- [What needs to be done]
Pictures excluded, reproduce exactly the lines below from the one with "Get the free" through the one with "2月23日,在坦桑尼亚桑给巴", both included.

- [Entries provided]
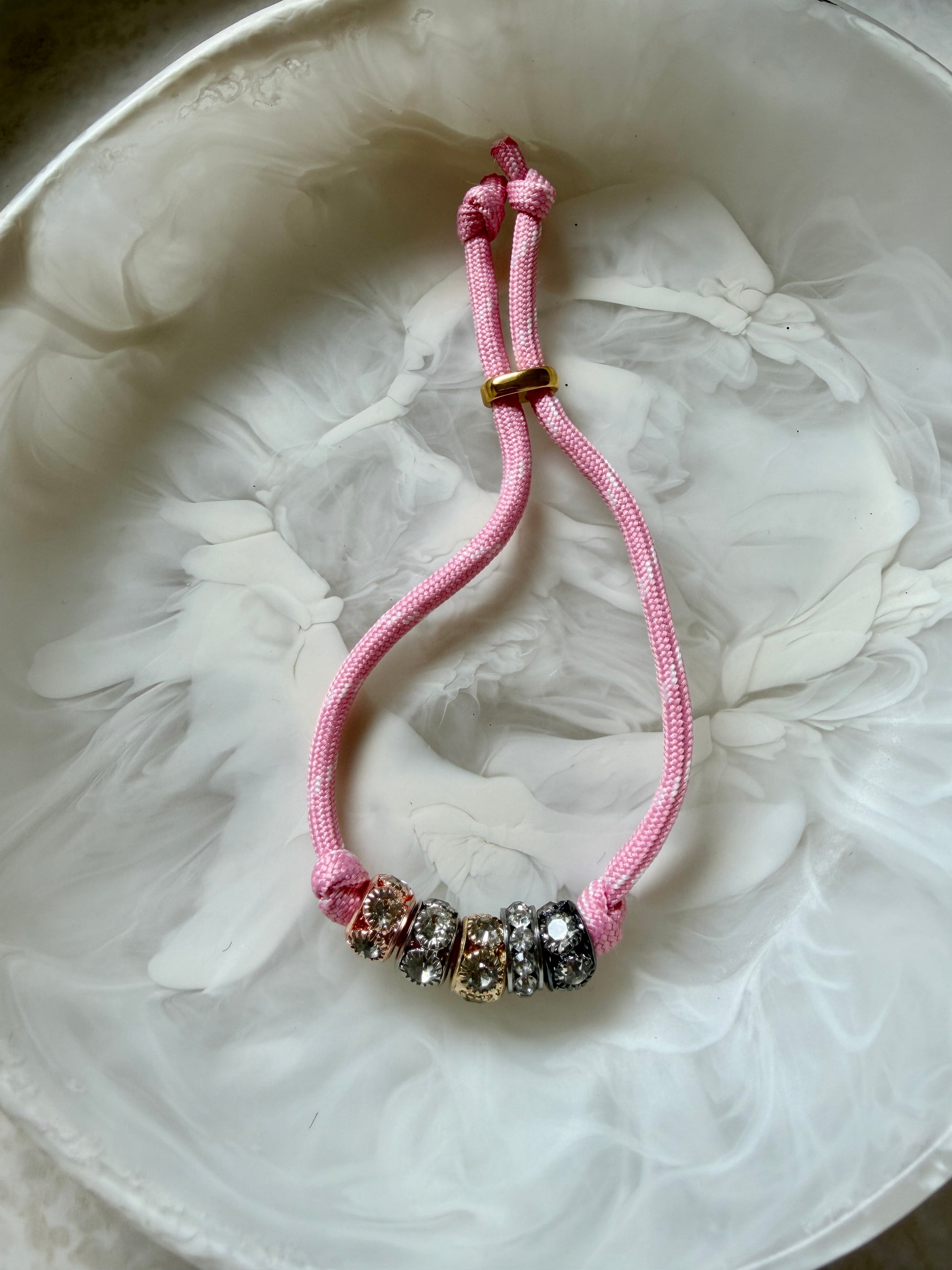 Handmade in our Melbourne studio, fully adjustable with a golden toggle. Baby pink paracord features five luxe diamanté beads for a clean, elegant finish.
...
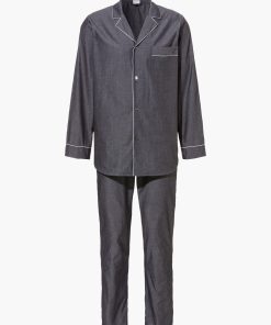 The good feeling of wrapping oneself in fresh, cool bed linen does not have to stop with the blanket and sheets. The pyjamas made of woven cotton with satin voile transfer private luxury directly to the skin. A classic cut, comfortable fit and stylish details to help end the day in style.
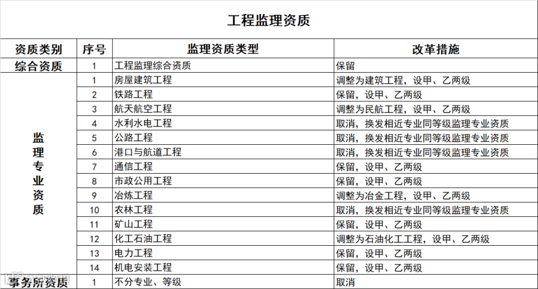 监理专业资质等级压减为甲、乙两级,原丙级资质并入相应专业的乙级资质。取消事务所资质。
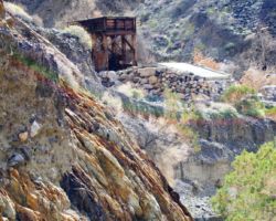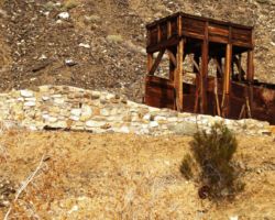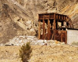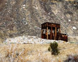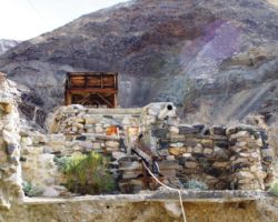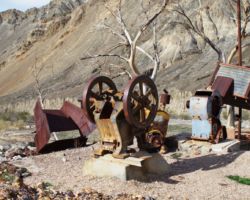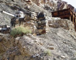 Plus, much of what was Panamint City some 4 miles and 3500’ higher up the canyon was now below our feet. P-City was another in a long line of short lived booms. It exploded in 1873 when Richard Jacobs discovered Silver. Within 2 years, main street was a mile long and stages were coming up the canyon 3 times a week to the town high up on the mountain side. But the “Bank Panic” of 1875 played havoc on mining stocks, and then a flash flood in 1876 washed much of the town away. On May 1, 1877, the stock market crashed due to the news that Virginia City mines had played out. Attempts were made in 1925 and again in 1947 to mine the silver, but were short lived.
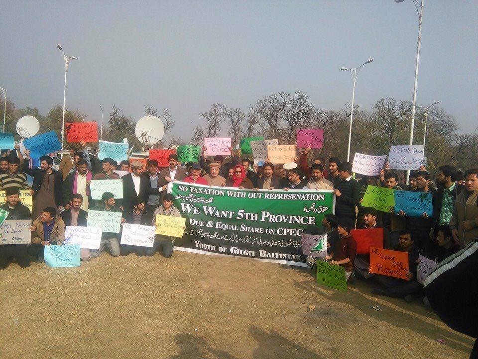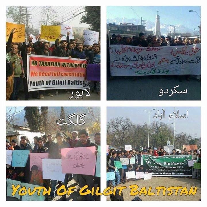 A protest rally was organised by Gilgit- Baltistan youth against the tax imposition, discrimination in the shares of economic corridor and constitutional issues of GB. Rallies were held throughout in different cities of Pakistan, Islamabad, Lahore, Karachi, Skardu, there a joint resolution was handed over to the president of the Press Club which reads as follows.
==
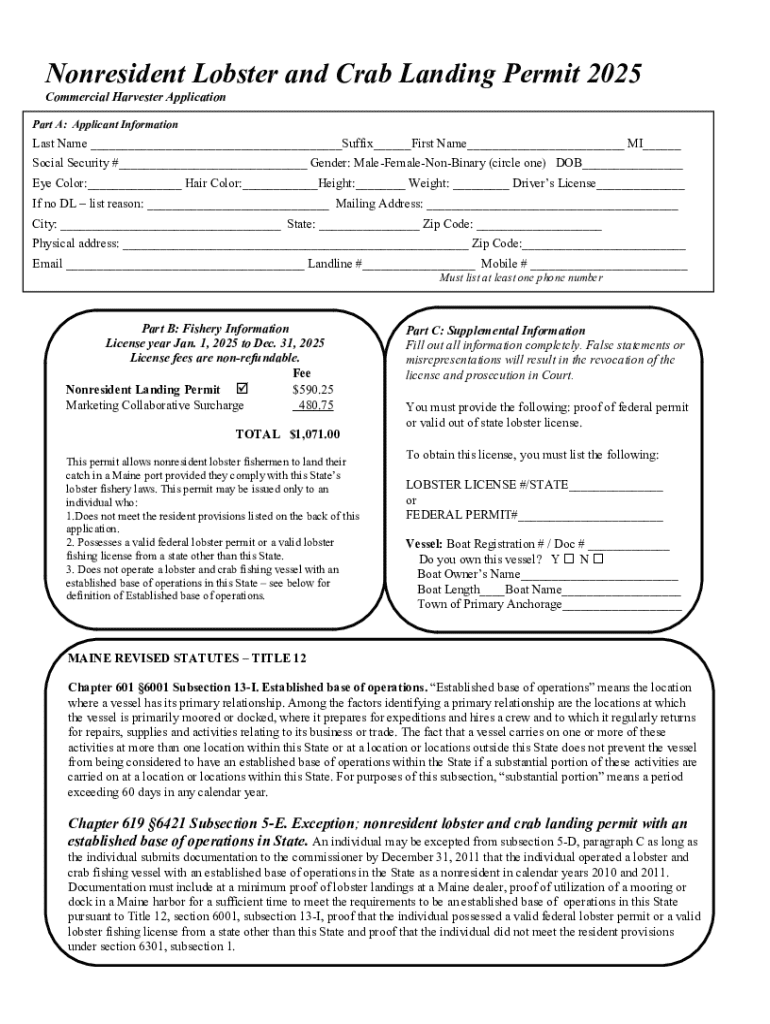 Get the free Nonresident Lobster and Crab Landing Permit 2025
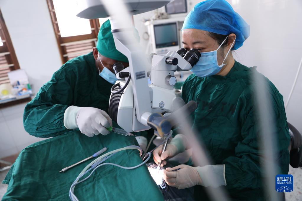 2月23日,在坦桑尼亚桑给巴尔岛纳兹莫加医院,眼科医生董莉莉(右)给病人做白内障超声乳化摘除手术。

- [Response below]
 Get the free Nonresident Lobster and Crab Landing Permit 2025
 2月23日,在坦桑尼亚桑给巴尔岛纳兹莫加医院,眼科医生董莉莉(右)给病人做白内障超声乳化摘除手术。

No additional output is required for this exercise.